The early Loup City settlement has been depicted in the 2014 movie The Homesman.

==Recreation==
Sherman Dam – 2,845 acre lake and 4,721 acre. Primitive camping includes 360 non-pad sites. Facilities include picnic tables, shelters, water, dumpstation, modern restrooms, vault toilets, four boat ramps, fish cleaning stations, coin-operated showers and concession.
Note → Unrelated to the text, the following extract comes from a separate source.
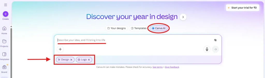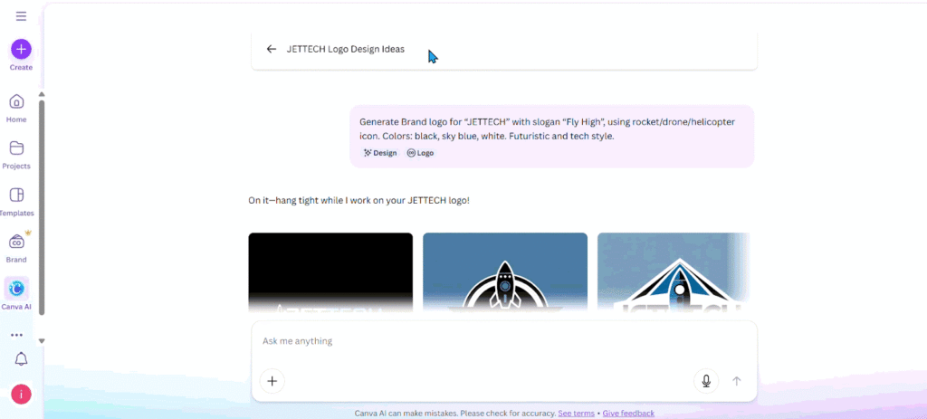When you click the ‘Create a Logo with AI’ button, the page shown below will open. There, select ‘Logo’ under the Design options and enter a simple prompt. That’s all, Canva AI will start generating logo designs automatically.

Bowman Recreation Area – Bowman Lake, located one mile west of Loup City, is a 23 acre area lying adjacent to the Loup River and features a 20 acre man-made lake. It offers picnicking, fishing and primitive camping.

Jenners Park – At one time, Jenner's Park was home to amusement rides and a zoo. Today, the park is home to a disc golf course, two picnic shelters, outdoor grills, playground equipment, and an outdoor recreation area.

Loup City Swimming Pool – Newly built in 2000, the Loup City pool has a water slide, diving board, basketball hoop, mushroom, and zero depth entry.

Loup City Golf Course – A 9-hole course located one mile west of Loup City. The par 36 course has mature trees, a creek, and several ponds.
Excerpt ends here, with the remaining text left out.